Call me stupid, but I've always learned better from examples than descriptions. So it's a log management tool. I can have my app write logs or files into Graylog, then I can handle the logs/files within Graylog much more easily than, say, if I were to write my own code to make some kind of sense with the log data. Am I understanding this correctly?

So I can maybe tell easily where users had problems with my app, or I can even use it as some kind of analytics program for my app?

aerialcombat · on Feb 19, 2015

I've visited the site and read what I could before, but without knowing what it does, it was pretty cumbersome to read through the entire website to figure out what exactly it does.
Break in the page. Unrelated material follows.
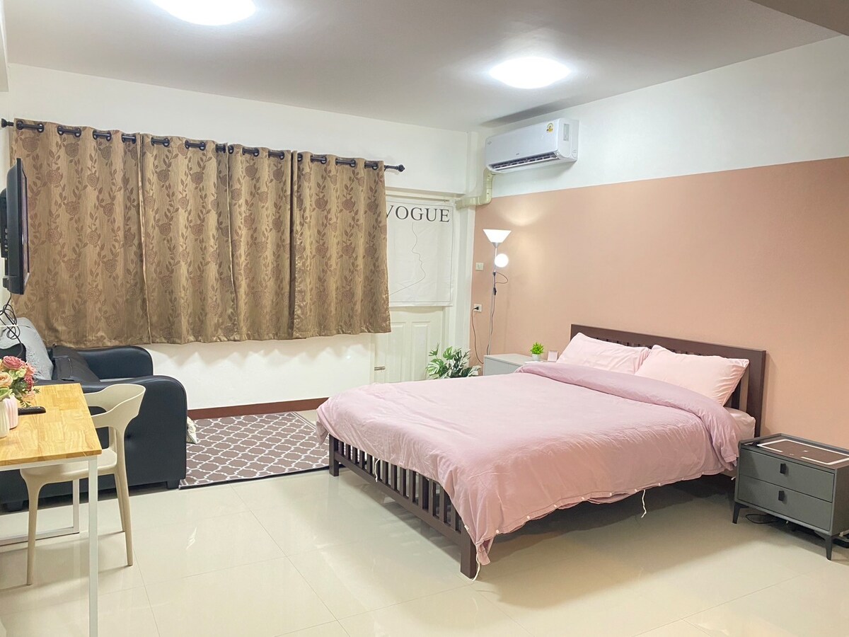 Charming 1BR condo just 500m from the BTS Skytrain! Simply decorated with love, it features a double bed, table, bathroom, and aircon. Easily explore Bangkok with the nearby BTS, offering quick access to shopping malls, weekend markets, fruit markets, Sukhumvit, and Silom. Enjoy 24-hour self check-in for a hassle-free stay!

I was initially drawn to the fact that it took five and a half years to get to 1.0. God knows how hard it must've been to work on it to perfect it all these years, heck spending five months on an app is tough enough. I would've given up reading about it otherwise if it hadn't been for the five years thing. I just think that, despite all it's capable of, if the descriptions were more in layman's terms it could reach wider audience.
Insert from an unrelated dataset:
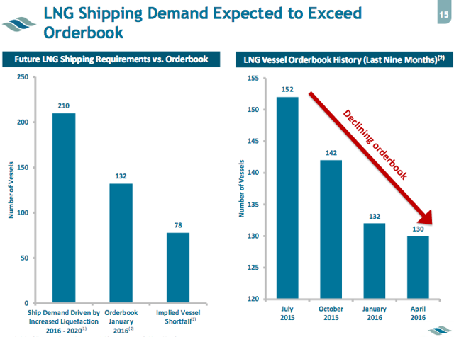 With all of this LNG production coming on, you would think that shipowners would be furiously ramping up their fleets...but they're not. In fact, there's a looming shortage of vessels in the LNG shipping industry as the vessel order book has declined.

It actually turns out that this is exactly what I was looking for since I'm about to have my app out, and if I hadn't asked the question, I would've just ignored it all together.
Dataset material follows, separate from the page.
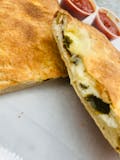 Hand crafted calzone filled with melted mozzarella cheese, ricotta cheese, parmesan cheese and our deliciously seasoned fresh spinach. Served with a side of our homemade marinara sauce.

While I'm very thankful for the additional explanations, I still think that nice illustration or a simple video of telling how it can solve real world problems will help people understand it better.

lennartkoopmann · on Feb 19, 2015

Exactly. Think of this search query you could do:

  source:your-app AND http_status_code:>=500

This would give you a list of all HTTP 500s of "your-app".

Or:

  user_id:12346 AND http_status_code:>=500

... to see all errors a user caused after customer care called you, reporting an error the user got. Stacktrace is there immediately without having to find the right log file on the right web server.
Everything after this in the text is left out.